I took mom on an errand to pick up some planting flowers from a local family-run greenhouse one afternoon.  The man who owns the place was so respectful of Mom. He asked about her family, and he listened with great interest to her answers about all her children, grandchildren, and great grandchildren as they walked around his greenhouse choosing what she would buy.  When it came time to pay, she pulled out $30, and he only let her pay $10.  He said, “I’ve had a good year, and I’ve learned that giving a little comes back 10,000 times.”  So we left with $30 worth of flowers for $10 and a feeling of God’s blessing.  The greenhouse man also kept telling Mom how glad he was she would plant and enjoy the flowers.  It turns out this same man had once come to visit mom last year when she was sick and the furnace was broken.  He spent several hours there working on the furnace, and wouldn’t let her pay him.  So it made me glad to see that God had placed such a generous person in Mom’s path who understands what it means to love your neighbor or to care for the widows among you.

My brother David, whose single and has a neurological disorder, lives with my mom.  He is on a disability pension from the army, so he doesn’t work and is home with Mom all the time.  He has also had some health problem lately,and I had the opportunity to take him to the a medical appointment while we were there.  David can’t drive, and Mom often cannot drive, so my sister-in-law Patty often takes them to their appointments.  Being there to help this one time made me very thankful for Patty taking on the repsonsibility of getting Mom and David where they need to be.  David, by the way, will have hernia repair and his gall bladder removed on June 29.  Again, prayers for a safe and successful surgery are appreciated.

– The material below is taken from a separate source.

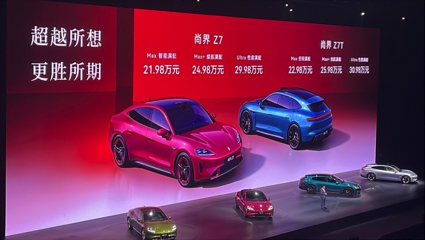 售价方面,尚界Z7提供21.98万元、24.98万元、29.98万元三档;尚界Z7T为22.98万元、25.98万元、30.98万元。

While I was at Mom’s, I realized how thankful I am for all that she has taught me.  She gave of herself over and over again for her 9 children, and by the time I, number 9 came along, life was relatively easy.  I reaped the benefits of all the experience she had from raising my 8 siblings.  My dad was always an interesting character, and she loved him and stood by him until his death at the young age of 66. They had been married 43 years when he died.

Mom and Dad on their wedding day, October 7, 1943

Dad, sometime in fall 1943 after returning from WWII serving with the Merchant Marines

I am so grateful I was able to make this trip.  My stream of consciousness blog post shows just a glimmer of how blessed I felt to make this visit and to be reminded of how God has blessed me through my family.